(Supplied records begins)

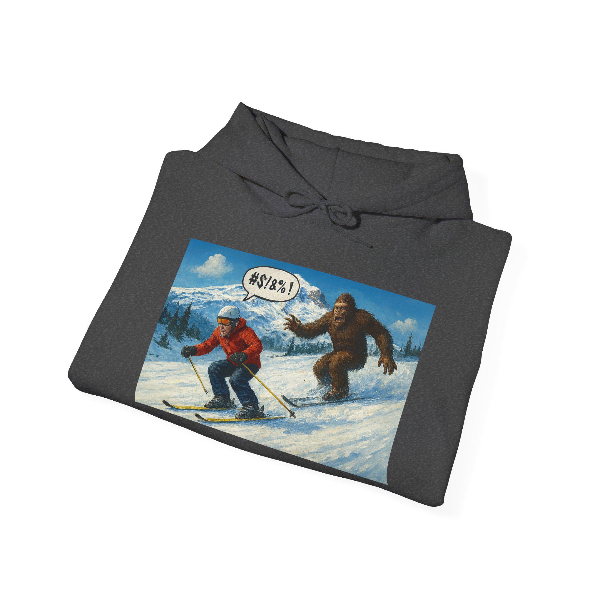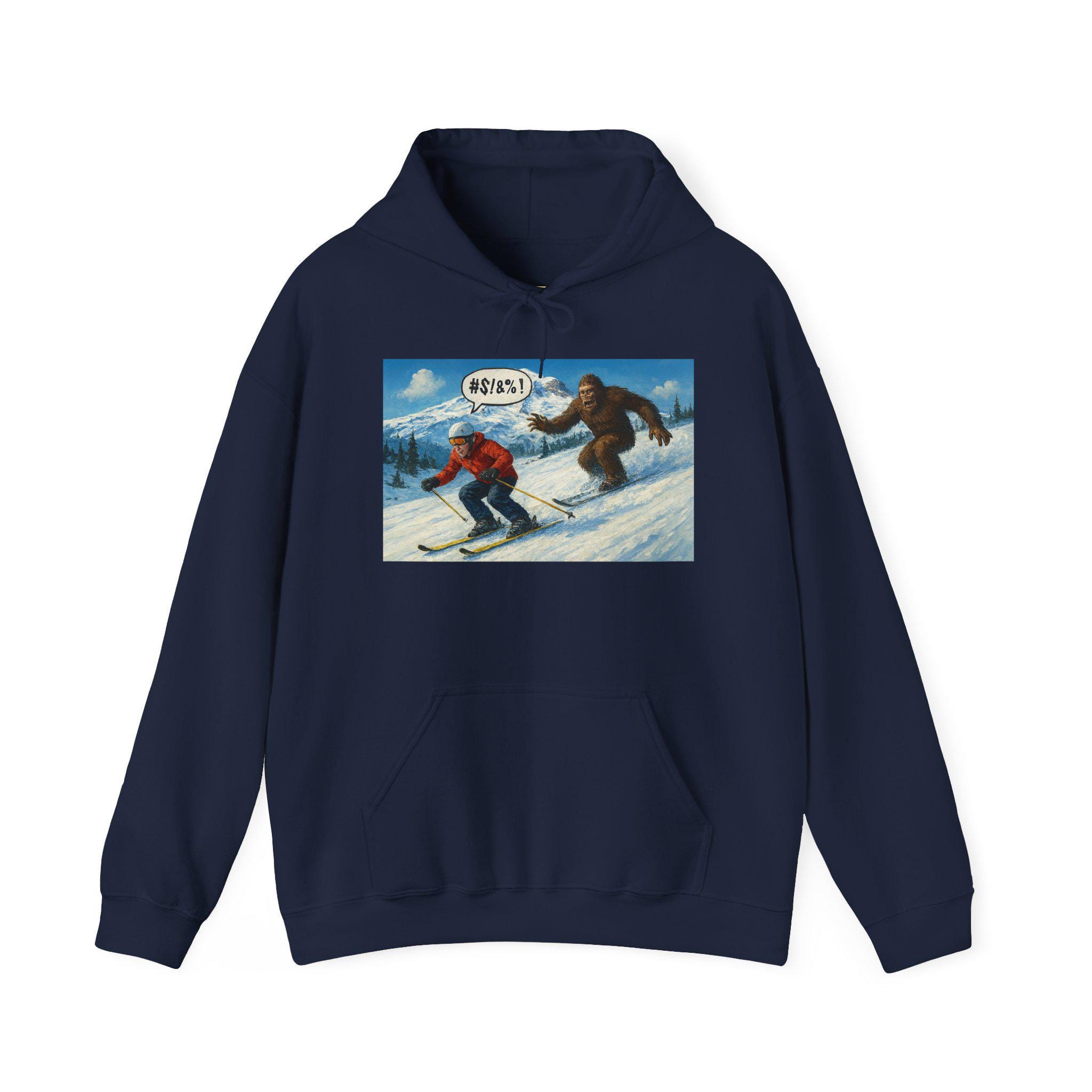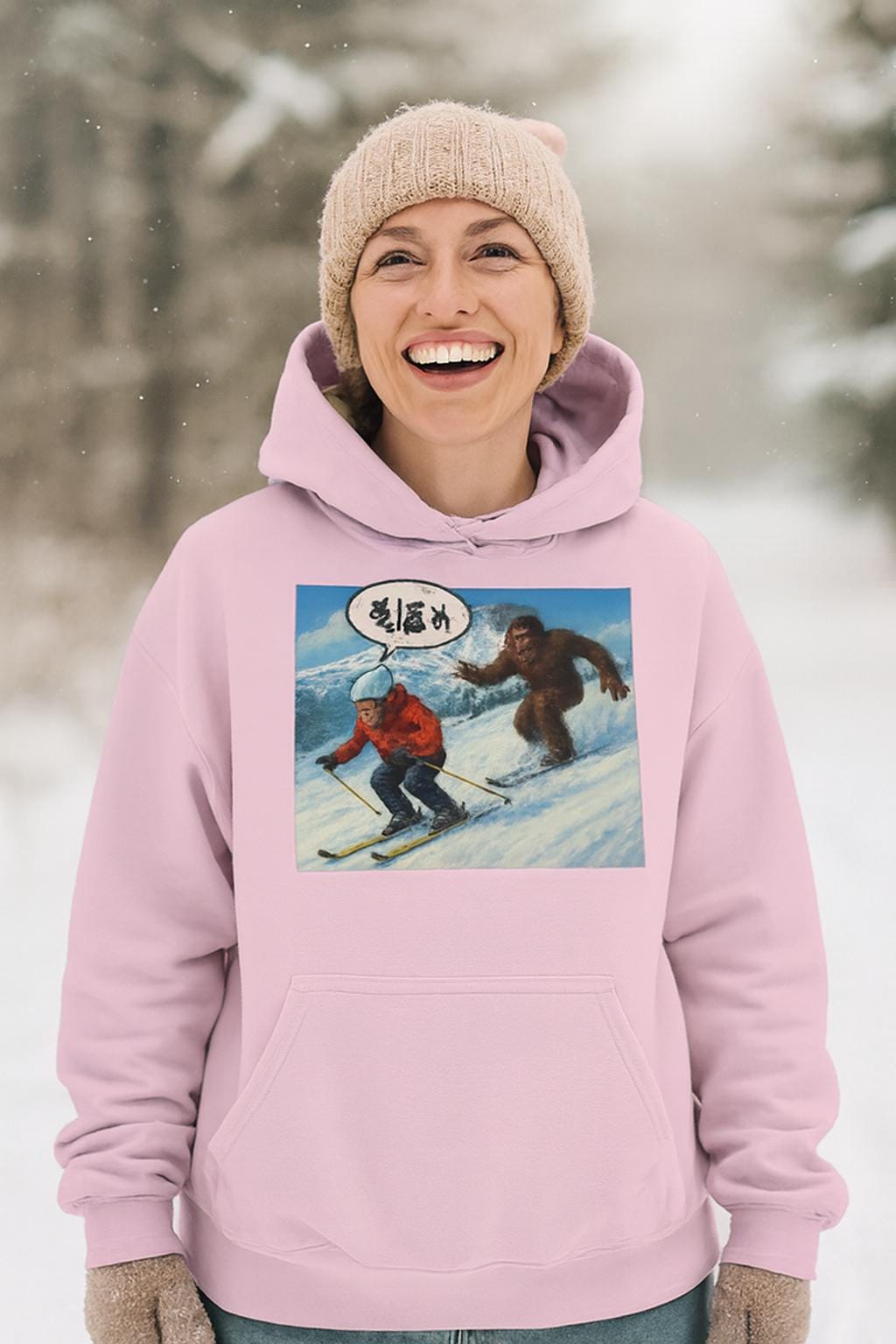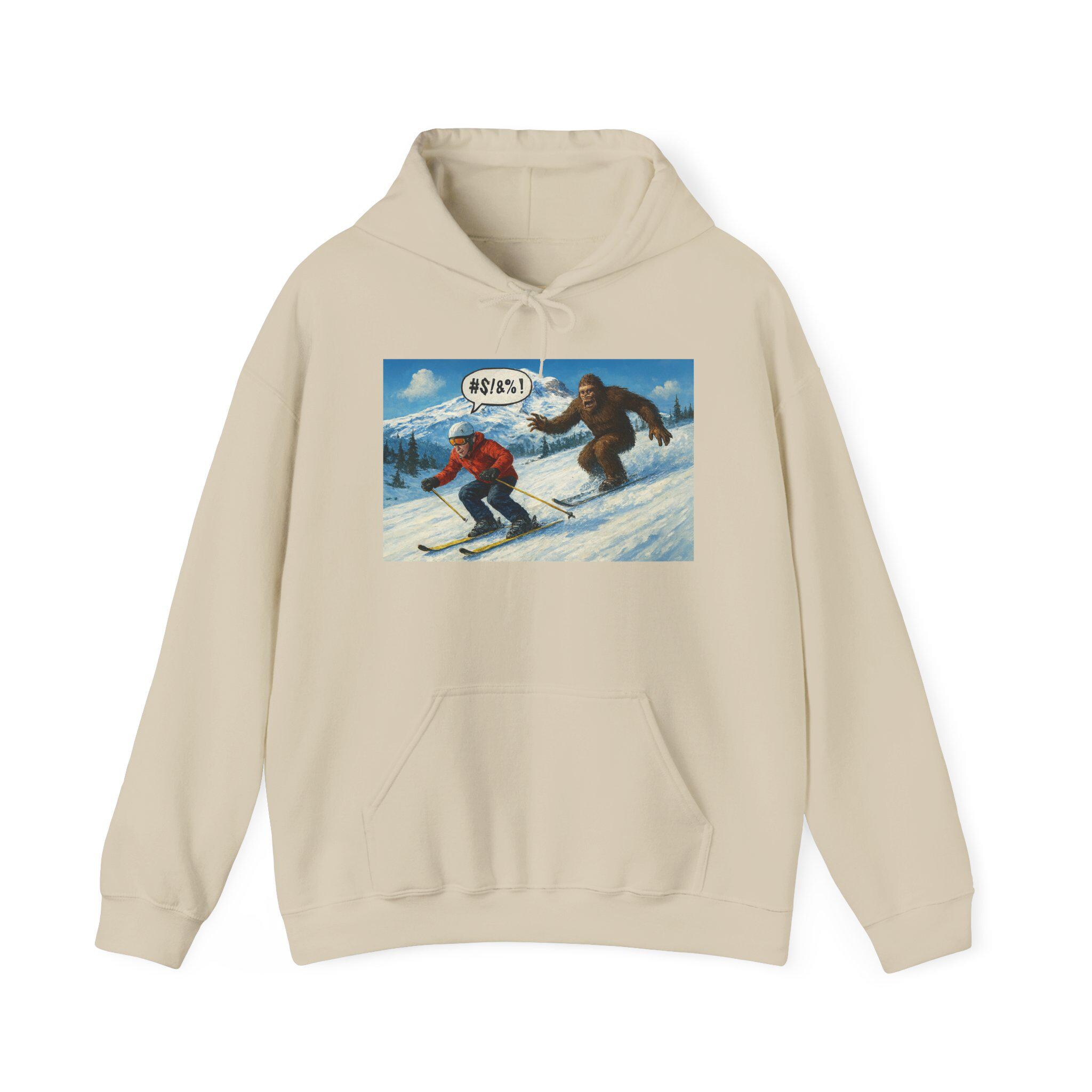 Bigfoot Skiing Chase Hoodie | Mount Rainier Sasquatch Skiing Swear Scene
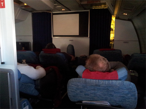 В экономе такой радости, конечно, не было, но самолет вполне комфортный (Boeing 767-300), обслуживали безо всяких нареканий (хотя, кстати, от некоторых стюардесс хотелось бы периодических улыбок), так что долетели хорошо.
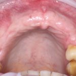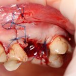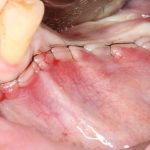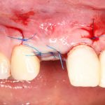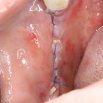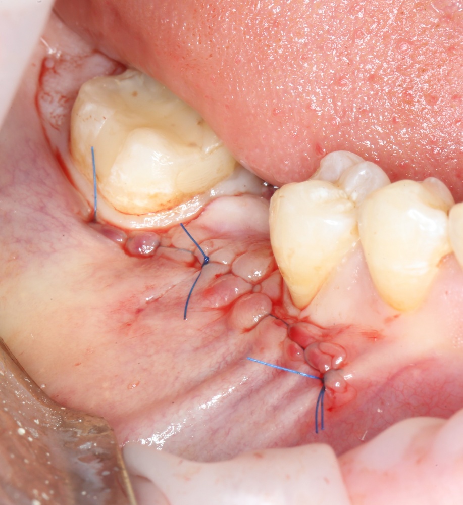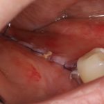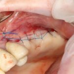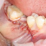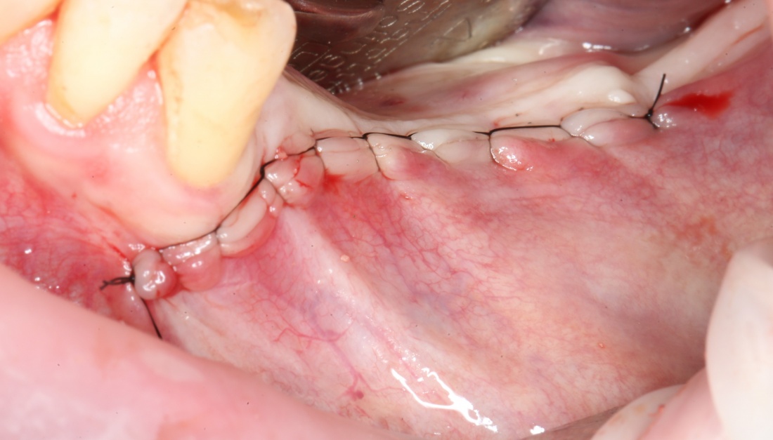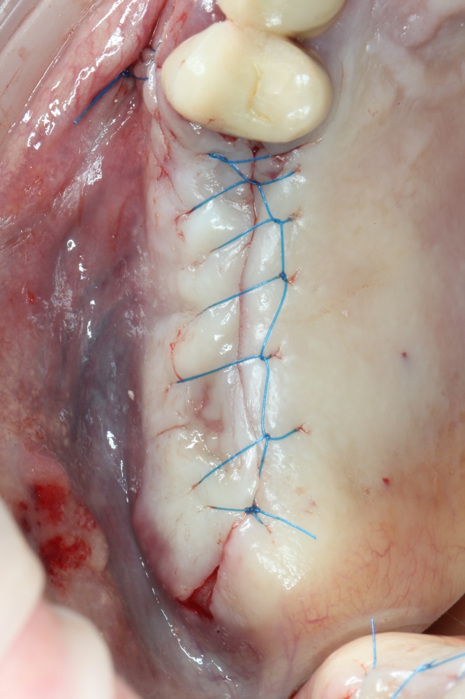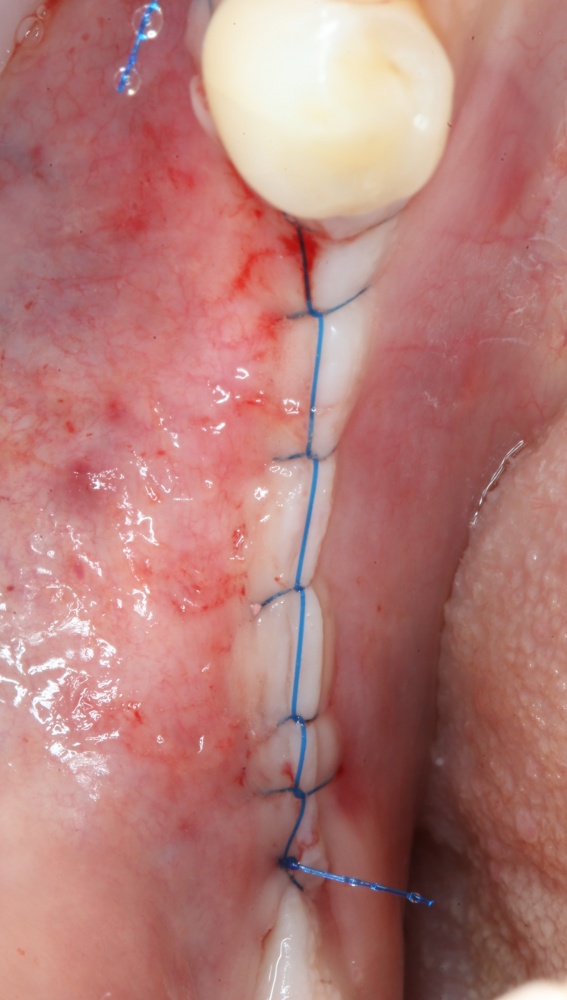 Обрати внимание, что все шовные лигатуры находятся в пределах кератинизированной десны. Это позволяет избежать деформации тканей и лишних рубцов. В наиболее уязвимых местах (около зубов) шовные лигатуры лучше продублировать.
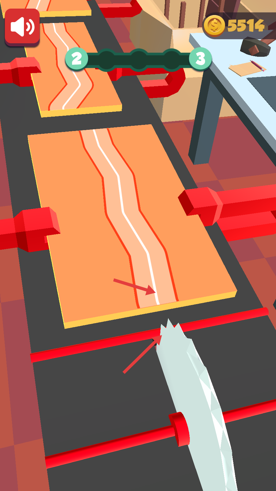 2、沿木板上白色路径滑动锯子切割,上方进度条从【2】向【3】推进,需精准操作保障切割连贯。
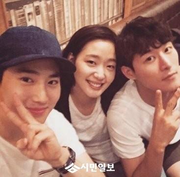 공개된 사진 속 수호는 김고은과 배우 이현욱과 함께 다정한 포즈를 취하고 있다.
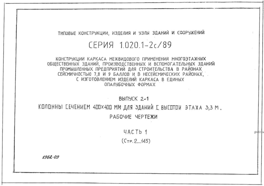 | Название стандарта | Конструкции каркаса межвидового применения многоэтажных общественных зданий, производственных и вспомогательных зданий промышленных предприятий для строительства в районах сейсмичностью 7, 8, 9 баллов и в несейсмических районах с изготовлением изделий кар |

(Supplied records ends)

About this exercise:
Could you retype the records above exactly, omitting the pictures?

Exercise output:
 Bigfoot Skiing Chase Hoodie | Mount Rainier Sasquatch Skiing Swear Scene
 В экономе такой радости, конечно, не было, но самолет вполне комфортный (Boeing 767-300), обслуживали безо всяких нареканий (хотя, кстати, от некоторых стюардесс хотелось бы периодических улыбок), так что долетели хорошо.
 Обрати внимание, что все шовные лигатуры находятся в пределах кератинизированной десны. Это позволяет избежать деформации тканей и лишних рубцов. В наиболее уязвимых местах (около зубов) шовные лигатуры лучше продублировать.
 2、沿木板上白色路径滑动锯子切割,上方进度条从【2】向【3】推进,需精准操作保障切割连贯。
 공개된 사진 속 수호는 김고은과 배우 이현욱과 함께 다정한 포즈를 취하고 있다.
 | Название стандарта | Конструкции каркаса межвидового применения многоэтажных общественных зданий, производственных и вспомогательных зданий промышленных предприятий для строительства в районах сейсмичностью 7, 8, 9 баллов и в несейсмических районах с изготовлением изделий кар |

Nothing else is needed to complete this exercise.